Gene Ontology (GO) term enrichment analysis of identified Brassica rapa seed proteins by DAVID.
Gene Ontology (GO) term enrichment analysis was carried out using the hypergeometric method with Benjamini false discovery rate (FDR) correction. MF, CC and BP represents molecular functions, cellular components and biological processes, respectively. Rich factor is the ratio of the number of identified proteins annotated in the given GO term pathway to the number of all proteins from the database annotated in the pathway.
Fig 6.
Multiple sequence alignment of the 7S globulin-like vicilin protein sequences identified in Brassica rapa.
7S globulin-like vicilin protein sequences from B. rapa R-o-18 seed proteome were aligned with sequences from Arabidopsis thaliana, Cannabis sativa, cashew (Anacardium occidental), narrow-leaved blue lupine (Lupinus angustifolius), white lupine (Lupinus albus), sesame (Sesamum indicum), pistachio (Pistacia vera), European hazel (Corylus avellana) and peanut (Arachis hypogaea) available in public domain databases. Ep = epitopes. The orange boxes delineate known Ara h 1 epitopes [50], dark blue boxes outline known Ana o 1 epitopes [52], grey boxes delineate known olive vicilin T-cell epitopes abbreviated as OVTE and yellow boxes bound the known olive vicilin B-cell epitopes abbreviated as OVBE [51]. All the epitopes are listed in Table 1 and the corresponding sequences identified in the vicilin-like proteins in B. rapa. pid = percent sequence identity. Blue boxes show the location of the conserved proline and glycine residues.
Fig 7.
Three-dimensional structure of the vicilin like seed storage proteins identified in Brassica rapa.

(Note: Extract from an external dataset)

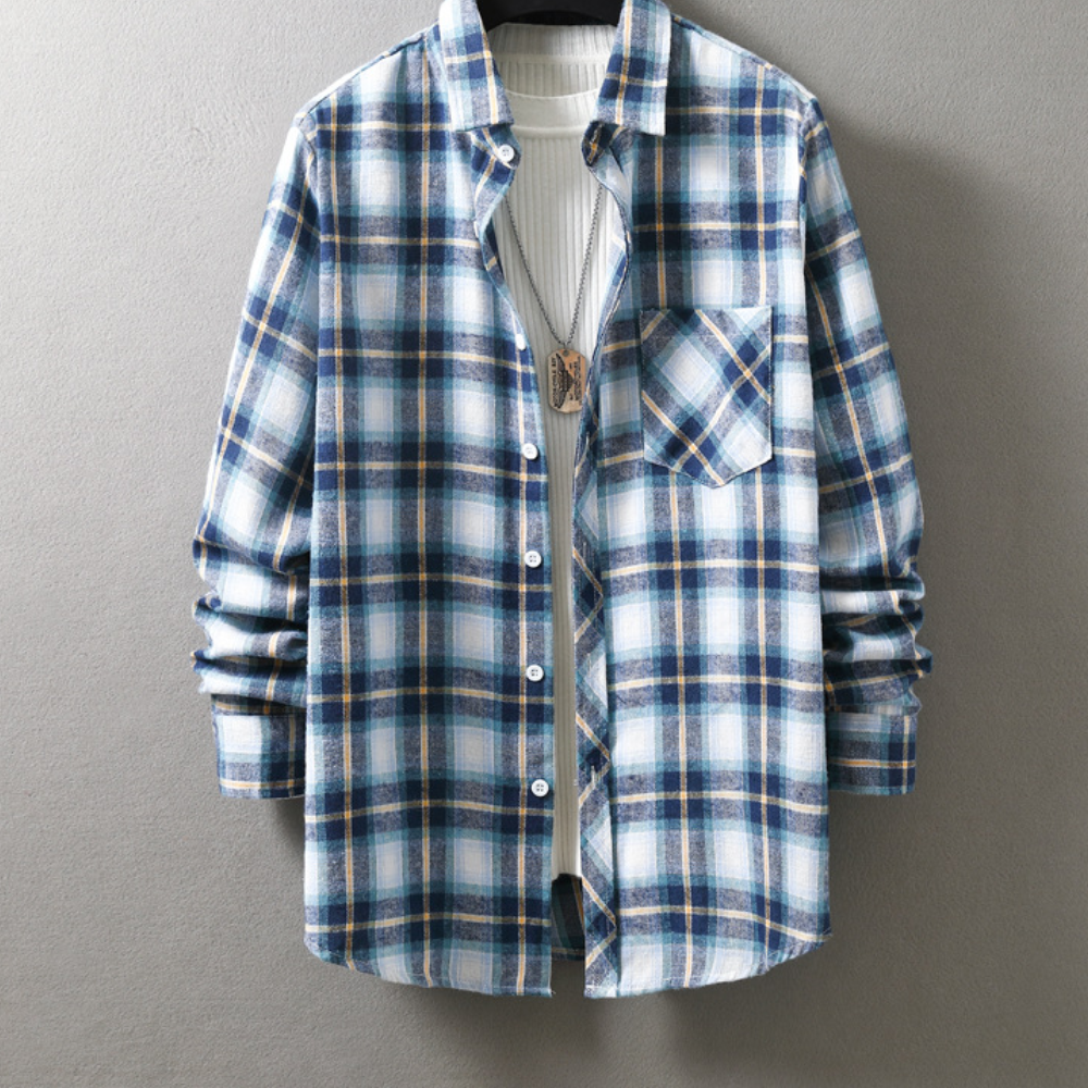 Wyróżnij się dzięki tej męskiej koszuli w kratę, łączącej dyskretną finezję z niezaprzeczalną wygodą. Idealna, aby wzbogacić Twoją jesienno-zimową garderobę, naturalnie wpasuje się zarówno w stylizacje casualowe, jak i bardziej eleganckie.

Structural modelling was carried out using the SWISS-MODEL program and was based on the available crystal structures of vicilin (S6 Table in S1 File). The green shading indicates the location of β-sheets in the N-terminal region and the blue shading indicates α-helices at the C-terminus.
Fig 8.
Phylogenetic tree of vicilin-like proteins.
The phylogenetic tree was constructed using the maximum likelihood method in NGPhylogeny.fr web resource (https://ngphylogeny.fr/workflows/oneclick/, 30/05/2020). The tree was constructed using the five 7S globulin-like vicilin protein sequences identified in Brassica rapa R-o-18, as well as 7S globulin like vicilin protein sequences reported in different plant species including Arabidopsis thaliana (At3g22640), Cannabis sativa (Cannabis_vicilin), cashew (Anacardium occidental) (ANA_O-1 and ANA_O_2), narrow-leaved blue lupine (Lupinus angustifolius) (CONB1_LUP), white lupine (Lupinus albus) (CONB2_LUP), sesame (Sesamum indicum) (SESIN), Korean pine (Pinus koraiensis) (Pin_k_2_0101), pistachio (Pistacia vera) (PISVE), European hazel (Corylus avellana) (CORAV) and peanut (Arachis hypogaea) (ARAHY_Ara_h_1), all available in public domain databases. The full-length sequences of identified vicilins are presented in S5 Table in S1 File, while the other sequences are presented in S1 Table in S1 File. The scale above the tree represents the in-built distance matrix employed in NGPhylogeny.fr web resource and indicates the distance based on the sequence similarity of their features.
Table 1.
Epitope mapping of Brassica rapa vicilin sequences with the twenty-three reported epitopes of the well-studied peanut vicilin allergen Ara h 1.
Fig 9.
Phylogenetic analysis of identified Brassica rapa oleosin and oil body associated proteins.
The linear phylogram was built using PRESTO-Phylogenetic tReE viSualisaTiOn server (https://ngphylogeny.fr/data/displaytree//, 29/09/2020) and shows the relationship to the Arabidopsis oleosin genes (S7 Table in S1 File). The branch length scale at the top of the figure indicates the distance between the sequences based on the sequence similarity of their features. The identified oleosin proteins Bra019493, Bra000167, A0A078GHK4, M4E9X1, A0A397KW15, A0A397ZZI8, M4DBK6, M4EI43, Bra035756, Bra032113 and oil-body associated proteins Bra036039 and Bra036039 are designated as OLE01, OLE02, OLE03, OLE04, OLE05, OLE06, OLE07, OLE08, OLE09, OLE10, OBAP 01 and OBAP 02 respectively.